Jessica Kwee, a 24-year-old Ratanak staff member whose position in donor relations involves doing a lot of paperwork, said she tends to be more of a thinker than a "feeler." But while wandering a home for girls rescued from the brothels, she felt the trauma become personal.

Spying a group of youngsters practising a traditional Cambodian dance, she was suddenly struck by one child, about seven years old, who resembled a girl to whom she teaches piano lessons back in Vancouver.

"For a split second there, her profile looked the same — her shape, the way her hair was tied," said Kwee. "I realized, she could be this girl in my life. We're not that far removed, it's just the birth lottery. I felt intense emotion.

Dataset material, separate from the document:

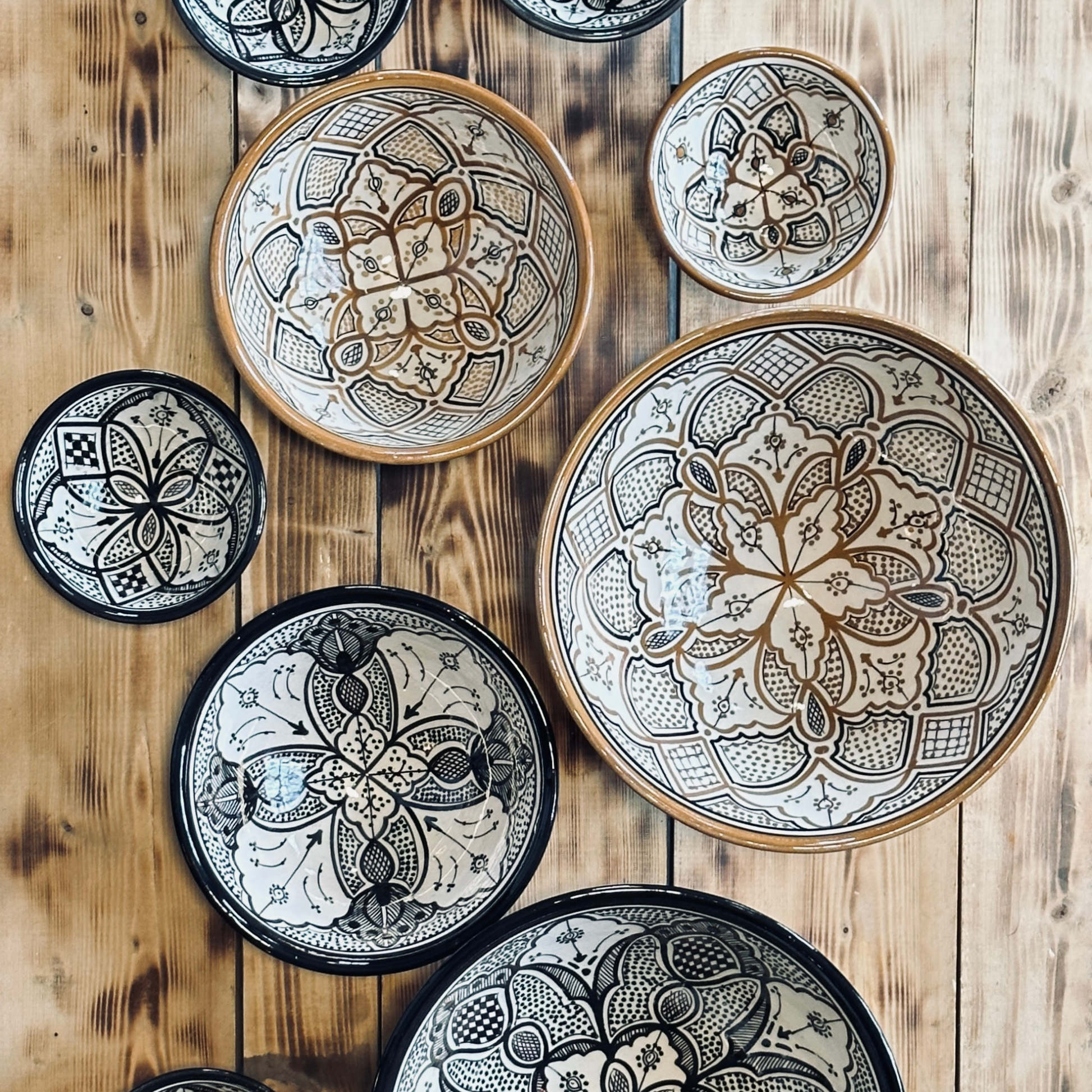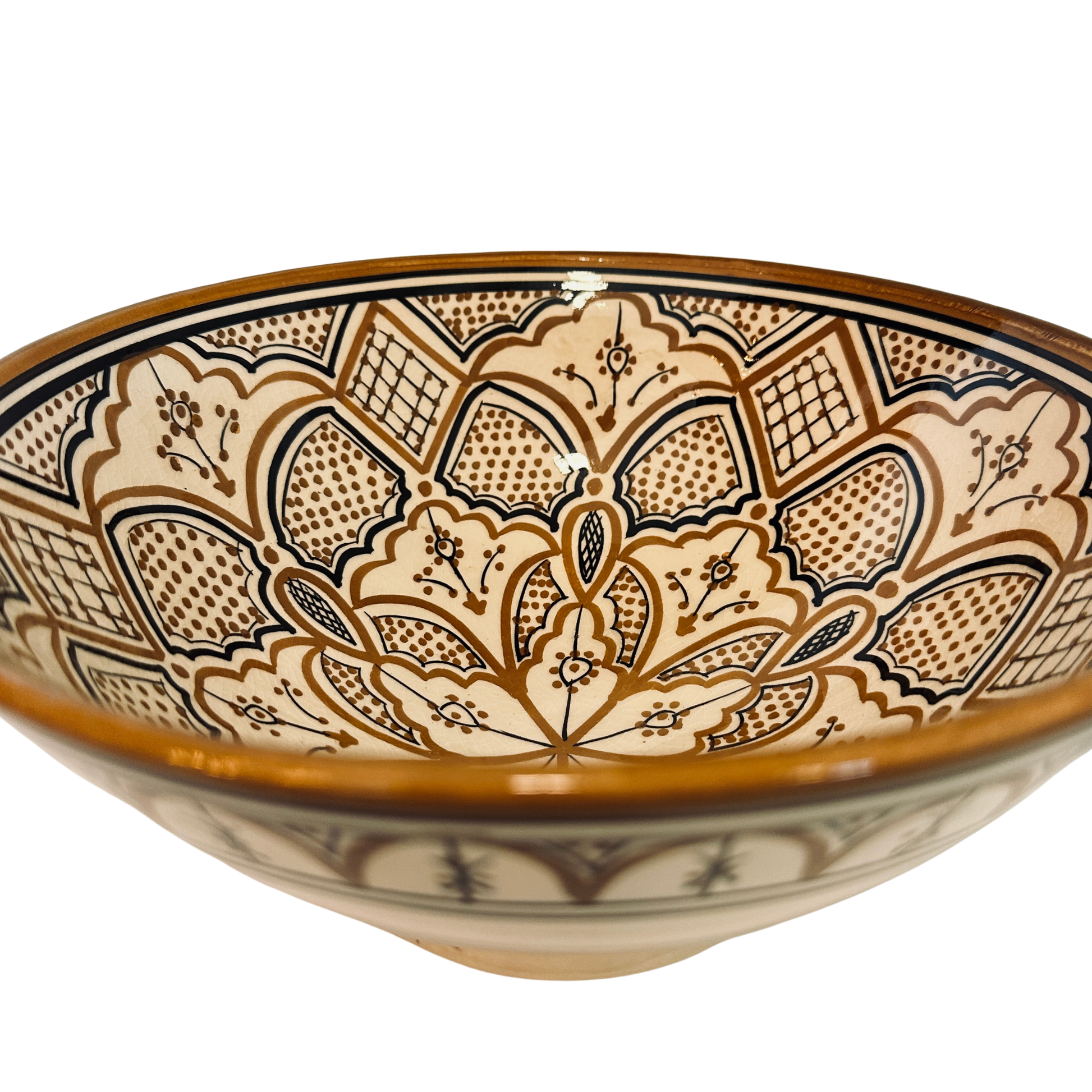 Denne marokkanske keramikkskålen er et ekte mesterverk av håndverk og tradisjon. Hver skål er individuelt håndlaget og håndmalt i Marokko, med detaljerte mønstre inspirert av klassisk berber- og islamsk ornamentikk. Det varme samspillet mellom brun og svart gir skålen en rustikk, tidløs karakter som passer perfekt i både moderne og tradisjonelle hjem.

I had to stop watching and turn away."

Also on the itinerary, the team walked the waterfront and set foot inside another infamous district containing the former "crime scenes" of Bakker and Kenneth Klassen, another offender from B.C. now imprisoned for videotaping himself having sex with girls here, and in Columbia, as young as eight.

The group also met with an affiliated organization called Chab Dai that has educated 35,000 villagers along the Vietnamese and Thai borders to identify sex traffickers.

"I truly believe the team is different from where they were," said Peter Phillips, a Ratanak volunteer who managed the training trip's logistics.

"It's not just statistics. It can be an intangible when you're over in Canada. When you're here, you feel the value of who these children are. Precious."